Date of Award

12-2024

Document Type

Dissertation

Degree Name

Doctor of Philosophy (PhD)

Degree Discipline

Electrical Engineering

Abstract

Network intrusion detection NID) is a technology that monitors network traffic and identifies abnormal activity. The ability to identify malicious activity can be manifested by application of artificial intelligence and machine learning (ML). This research delved into analysis, development, and optimization of supervised, unsupervised, and reinforcement learning approaches to network anomaly detection. In the past 10 years, there has been a substantial amount of research on supervised learning, a type of ML that is trained from a prelabeled network dataset that tags each sample with benign or abnormal labels. Unsupervised and reinforcement learning research has been minimal.

This study evaluated supervised, unsupervised, and reinforcement learning approaches to anomaly detection. ML employs statistical algorithms that learn the underlying data characteristics and use this learning to detect abnormal activity. From the literature review, it is clear that the most important attributes for an effective NIDs are data quality and efficient ML algorithms, including runtimes and memory usage. Most research in this domain has been conducted using obsolete network datasets that do not reflect the type of malicious traffic encountered today.

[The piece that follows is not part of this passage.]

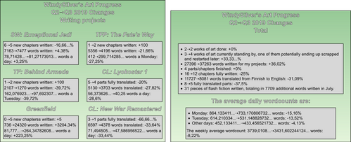 Currently, I'm taking not only the first and last update of each month but also every important update (when something goes to editing/finalization/betareading or starts a new chapter or past). I keep those pictures, write their contents down to an Excel spreadsheet and compare the progress at the end of each quarter. I'll probably make a yearly comparation as well.

This study used a modern dataset that captured traffic from an “Internet of Things” (IoT) test network with modern attack types. In one experiment, a dataset created in the SECURE Center, Prairie View A&M University, was used with scanning attack types, as well as a common utility for converting network traffic called NFStream. NFStream uses deep packet inspection to convert the header/data portion of network packets, preserves Transmission Control Protocol (TCP) Flag states, and calculates statistical features from the raw data in packets. The research was conducted through several experiments covering data pre-processing, dataset labeling, feature selection/ reduction, synthetic data generation, and unsupervised learning. The aim was to develop an optimal ensemble of feature selection/ML algorithms and to establish a framework for future research in Learning Automata and Reinforcement Learning. Based on the results, several contributions to the research domain are provided: a pre-processing framework, several feature selection techniques, a synthetic data generator, a new type of neural network based on Kolmogorov Arnold Networks, and a new clustering approach for unsupervised learning.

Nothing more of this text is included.